Life is complicated right now, but I decided to get back on this horse and try again. Making time to blog each day is an important mental and emotional exercise.
I don’t know what to say this first day. There are no prompts for National Blog Post Month days this year. Perhaps as the art of blogging morphs into ever new media, people forget the bloggers.
Mind you, I celebrate newsletters, reels, podcasts, and the many other ways content creators – journalists among them – communicate. I have no resentment – I’m excited and eager to see where they lead us.
But blogs are still here. Some are personal journals, others promotional tools. The ‘Golden Age’ of blogging has long since passed us by, much like the golden age of print newspapers. But both blogs and newspapers are still here, still relevant, essential even. An industry can wane, but that doesn’t necessarily mean dying gasps are upon us.

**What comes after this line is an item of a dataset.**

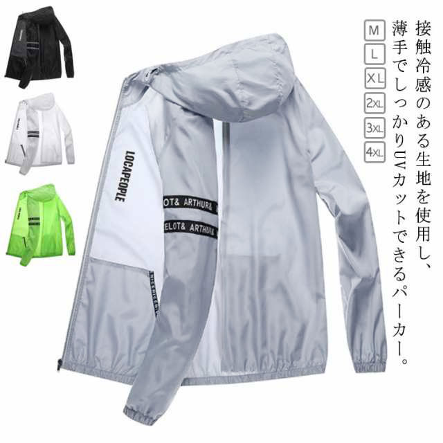 メンズ 涼しい薄手 ラッシュガード アウター 全4色 紫外線対策 フード付き 接触冷感 長袖 UVカット ひんやり 涼感 おしゃれ 夏用 吸汗速乾 日焼け防止 ジャケッ ジップアップパーカー

I’m comfortable as a blogger – it has given my life purpose, a steadying force as my current life shatters into a million pieces. I have no interest in picking up a new medium. This is where I belong and my approaching 20th anniversary demonstrates that quite nicely.
I can stop to reflect on that milestone, but continue onward as I’ve always done. Why stop now? There’s so much to say. My mental health has never been better, granted with a lot of supports. I have a circle of friends dating back to my early childhood who rally around me. I have lost things, but I better understand my part in that loss. I understand my fears, my traumas, my weaknesses as much as I know my strengths and grace.
How could I have done it differently? Who would I be if I wasn’t striving to have an impact, to describe the parts of our lives we prefer to hide at a cost that hurts future generations?
I feel so sad tonight, even after a good evening of homemade pizza and gin tonics and taste testing pumpkin spice treats with my youngest nibling. After a wonderful Halloween and a day earlier in the week that was the best I’ve had in several years. I suppose this is just a typical let down, the angst after the accomplishments.
It is not a bad way to start November. Reflecting. Mourning. Hopeful.